Highest point
- Elevation: 2,180 ft (660 m)
- Coordinates: 40°32′30″N 78°12′30″W﻿ / ﻿40.54167°N 78.20833°W

Geography
- Location: Blair County, Pennsylvania and Huntingdon County, Pennsylvania, U.S.
- Parent range: Appalachian Mountains
- Topo map(s): USGS Spruce Creek (PA) Quadrangle, Frankstown (PA) Quadrangle

Climbing
- First ascent: unknown

= Canoe Mountain =

Mountain in Pennsylvania, United States

Canoe Mountain is a stratigraphic ridge in central Pennsylvania, United States, running east of the Allegheny Front and west of Tussey Mountain. It forms a continuous ridge with Brush Mountain to the west. To the south, across the water gap formed by the Frankstown Branch Juniata River, the ridgeline continues as Lock Mountain.

The northern part of Canoe Mountain forms the border between Blair County and Huntingdon County.

Pennsylvania State Game Lands Number 166 lies on Brush Mountain south of Sinking Hollow and on Canoe Mountain and the valley between.

==Geology==
Canoe Mountain is in the western part of the Ridge and Valley province of the Appalachian Mountains. Tussey Mountain, to the east, is made up of Paleozoic rocks, consisting of Ordovician Bald Eagle Formation (sandstone), Juniata Formation (shale), and Silurian Tuscarora Formation (Quartzite) that were folded during the Appalachian orogeny in the Permian period, then eroded down to their present form.

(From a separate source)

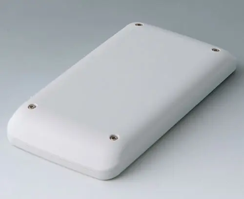 2-piece handheld enclosure, flat design, with a large operating panel of up to 4" (10 cm). The contours of the enclosure are rounded along the sides - comfortable to hold and easy to operate. Recessed operating panel for using a contoured transparent front screen (available as an accessory with adhesive film) or for protecting individual membrane keyboards. Fastening pillars for mounting PCBs in top and bottom parts. Seal for protection class IP 65 available as accessory.
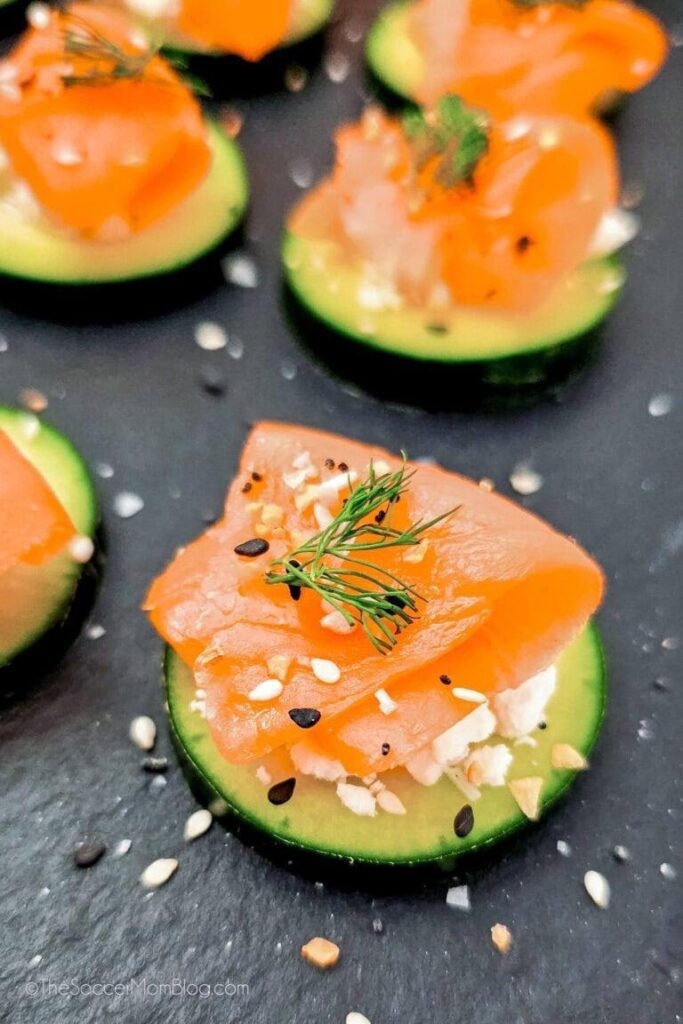 These tasty Salmon Cucumber Bites are a breeze to assemble, combining crisp cucumber, creamy feta, and savory smoked salmon for an elegant party appetizer or light snack.

The Tuscarora Quartzite is more resistant to erosion than the Bald Eagle Sandstone, and both are more resistant than the Juniata formation between them or the other formations stratigraphically above and below them. The two sandstones thus form a double ridge line with the harder Tuscarora at the crest.

Canoe Mountain and the southern spur of Brush Mountain form a syncline.